■ What is being asked
In the data below, locate the line containing "The longtime home" and the line containing "1月8日,秭归县郭家坝镇邓家坡村技术人员用无人机转运刚收获的脐橙。", then retype both and everything between them exactly. Pictures are not part of the copy.
Content starts
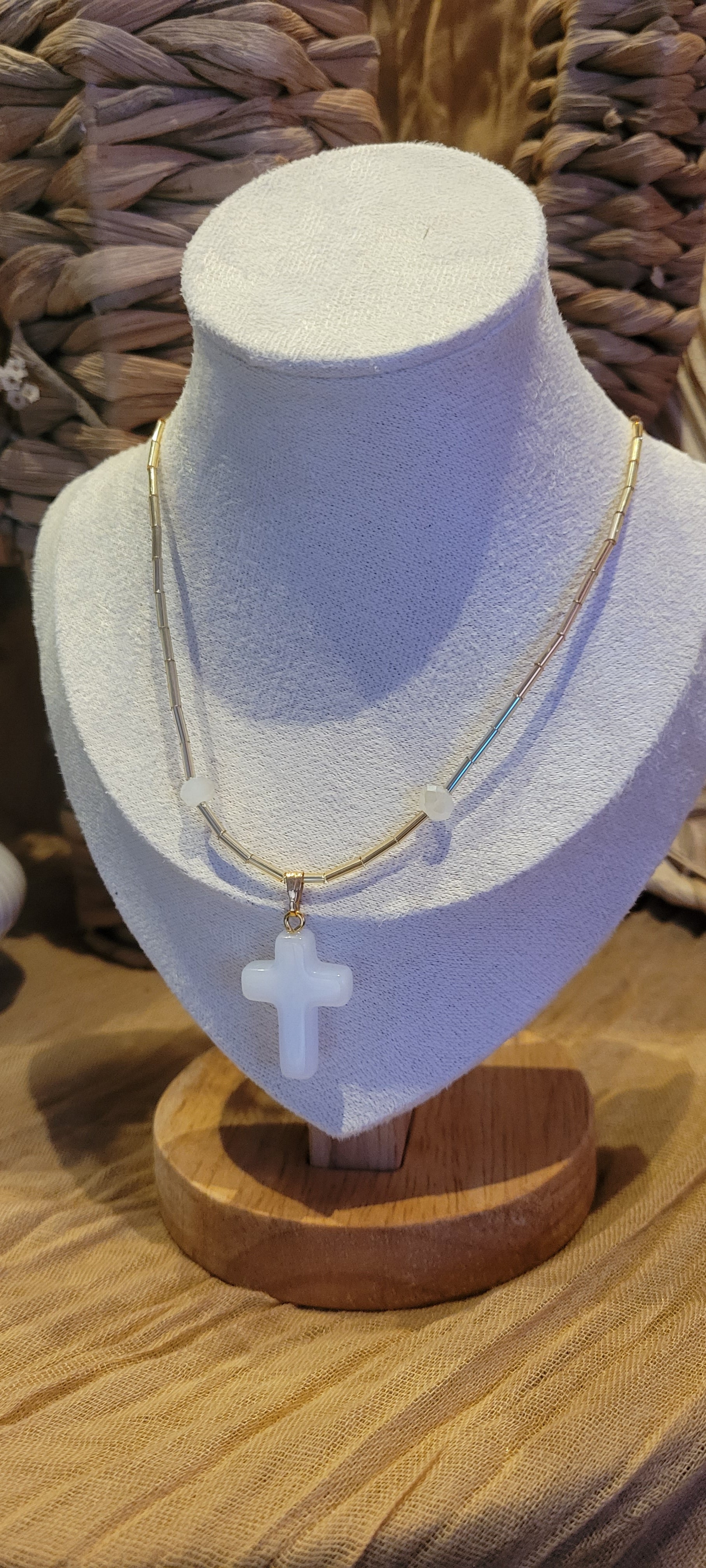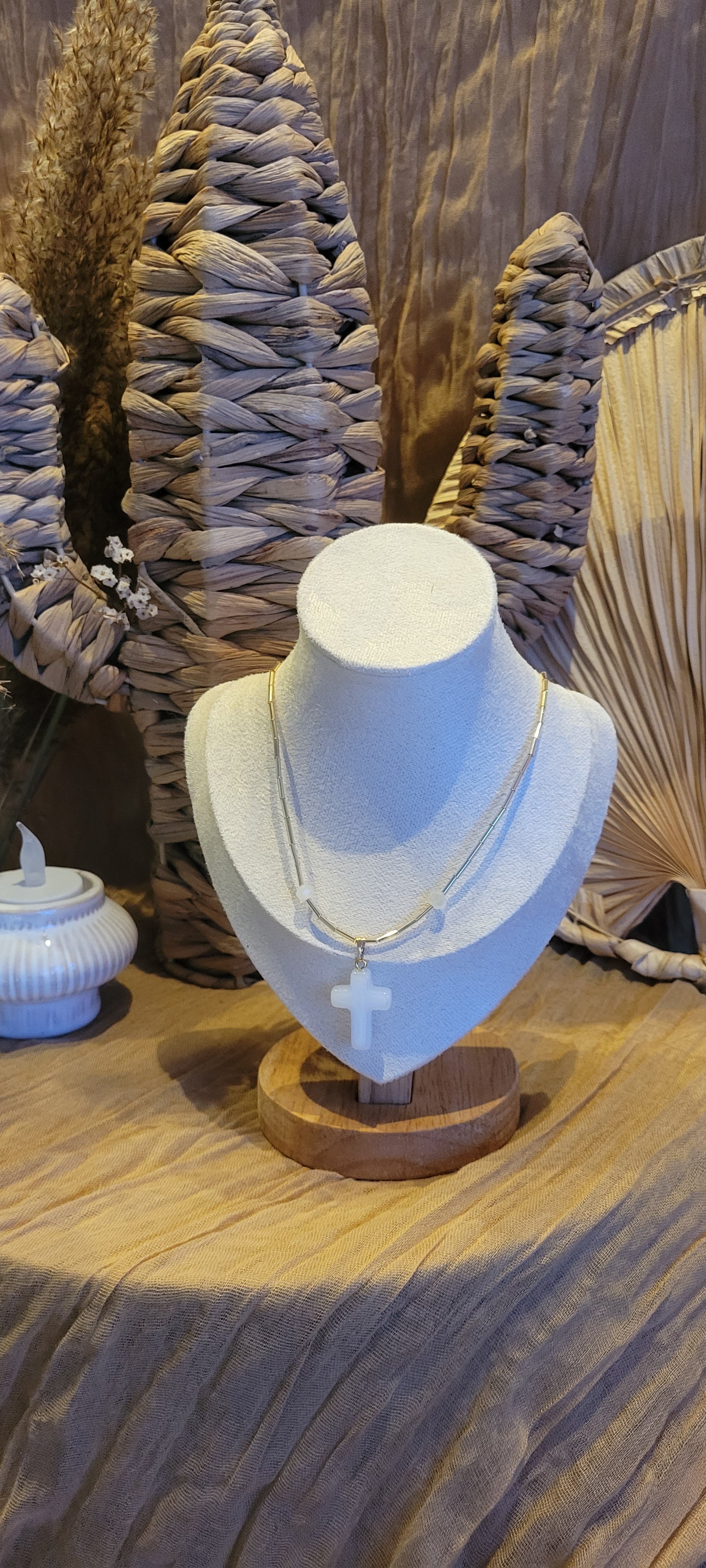 Eclat divin est un collier délicat et lumineux, ornée d'une croix blanche nacrée suspendue à un fil de perles dorées fines. Symbole de paix et de pureté, ce bijou incarne l'élégance et la spiritualité moderne. Parfait pour sublimer une tenue avec une touche sacrée et minimaliste, il se porte aussi bien au quotidien, que pour des occasions spéciales.
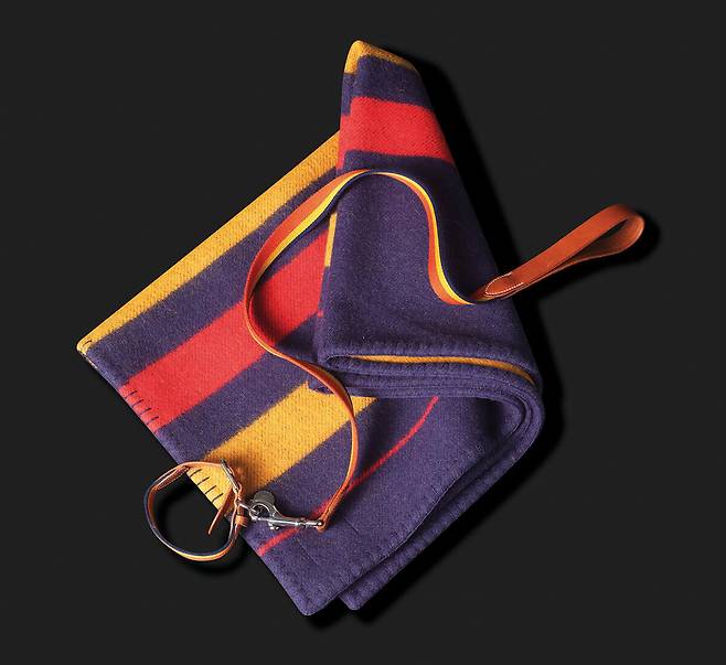 스트라이프 패턴 블랭킷과 목줄 모두 Hermes.
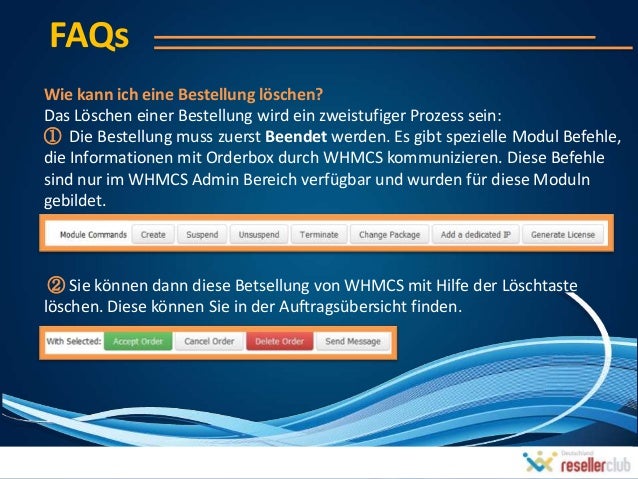 29. 29. FAQsWie kann ich eine Bestellung löschen?Das Löschen einer Bestellung wird ein zweistufiger Prozess sein:① Die Bestellung muss zuerst Beendet werden. Es gibt spezielle Modul Befehle,die Informationen mit Orderbox durch WHMCS kommunizieren. Diese Befehlesind nur im WHMCS Admin Bereich verfügbar und wurden für diese Modulngebildet. ② Sie können dann diese Betsellung von WHMCS mit Hilfe der Löschtastelöschen. Diese können Sie in der Auftragsübersicht finden.
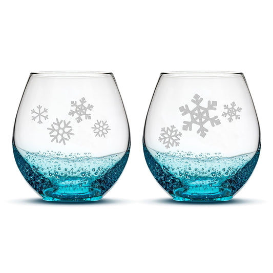 Bubble Wine Glass, Double Snowflakes, Laser Etched or Hand Etched, 18oz
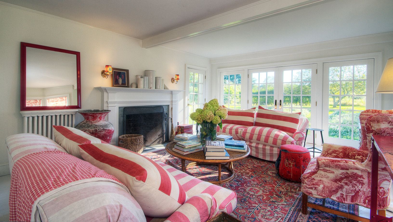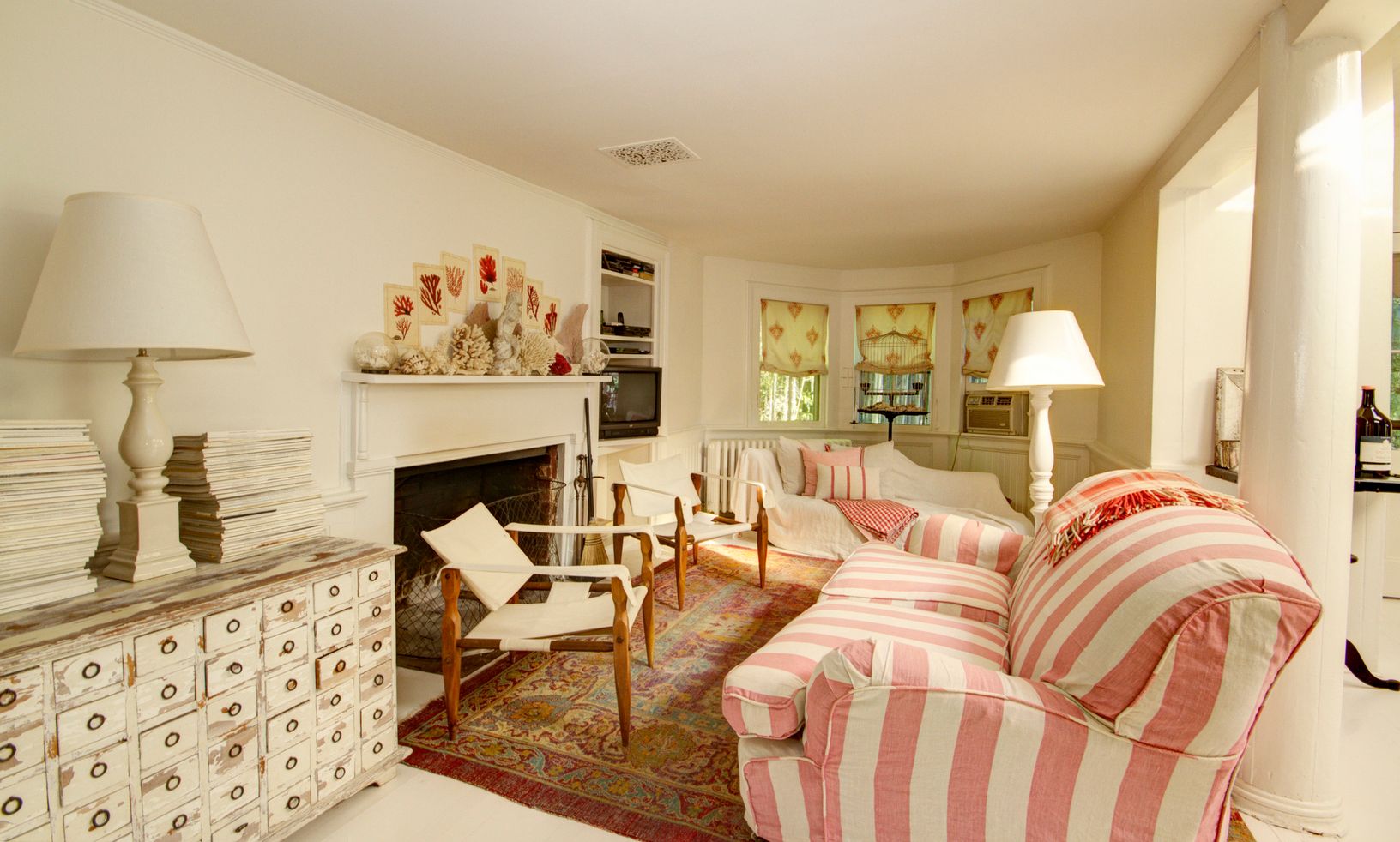 The longtime home of a well-known design executive features a beautiful, sunny living room with wood burning fireplace and French doors opening to
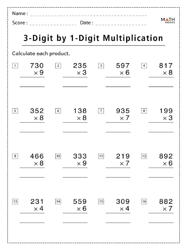 3 Digit By 1 Digit Multiplication Worksheets - Featuring 12 multiplication problems , this worksheet is ideal for. Download free printable worksheets for multiplying numbers up to 1,000 by single digit numbers. This multiplication worksheet may be configured for 2, 3, or 4 digit multiplicands being multiplied by 1, 2, or 3 digit multipliers. Download free pdf worksheets to practice 3 digit by 1 digit multiplication problems. Learn how to multiply 3 digit numbers by 1 digit numbers with examples and animations. 952 1 952 × 7.
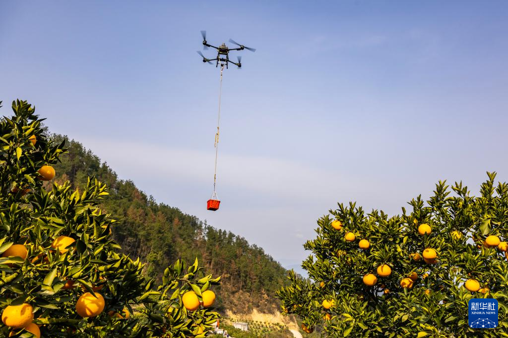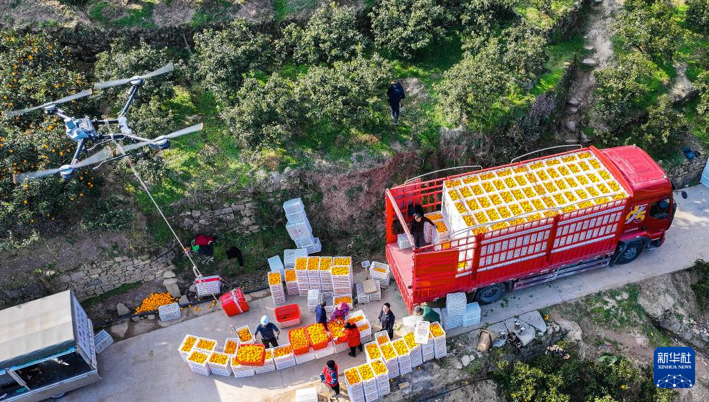 1月8日,秭归县郭家坝镇邓家坡村技术人员用无人机转运刚收获的脐橙。
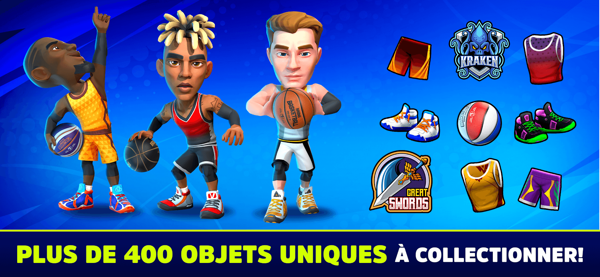Dans Mini Basketball, vous voudrez réellement gagner des joueurs, des plus normaux aux plus épiques, et les mettre à jour pour transformer votre groupe en rivaux les plus redoutés sur n'importe quel terrain. Outre le fait que vous pouvez assembler votre groupe, vous pouvez également l'adapter complètement à votre image avec plus de 100 choix adaptables parmi :
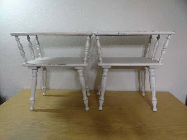These tables are still for sale! This add will be removed when sold! 2 White tables -- 2 for $40.00 20 X 14 X 23 Located in Jefferson City, text or call 573-7-One-4-Four-2-Five-5 NO shipping!
Content ends
■ Output
 The longtime home of a well-known design executive features a beautiful, sunny living room with wood burning fireplace and French doors opening to
 3 Digit By 1 Digit Multiplication Worksheets - Featuring 12 multiplication problems , this worksheet is ideal for. Download free printable worksheets for multiplying numbers up to 1,000 by single digit numbers. This multiplication worksheet may be configured for 2, 3, or 4 digit multiplicands being multiplied by 1, 2, or 3 digit multipliers. Download free pdf worksheets to practice 3 digit by 1 digit multiplication problems. Learn how to multiply 3 digit numbers by 1 digit numbers with examples and animations. 952 1 952 × 7.
 1月8日,秭归县郭家坝镇邓家坡村技术人员用无人机转运刚收获的脐橙。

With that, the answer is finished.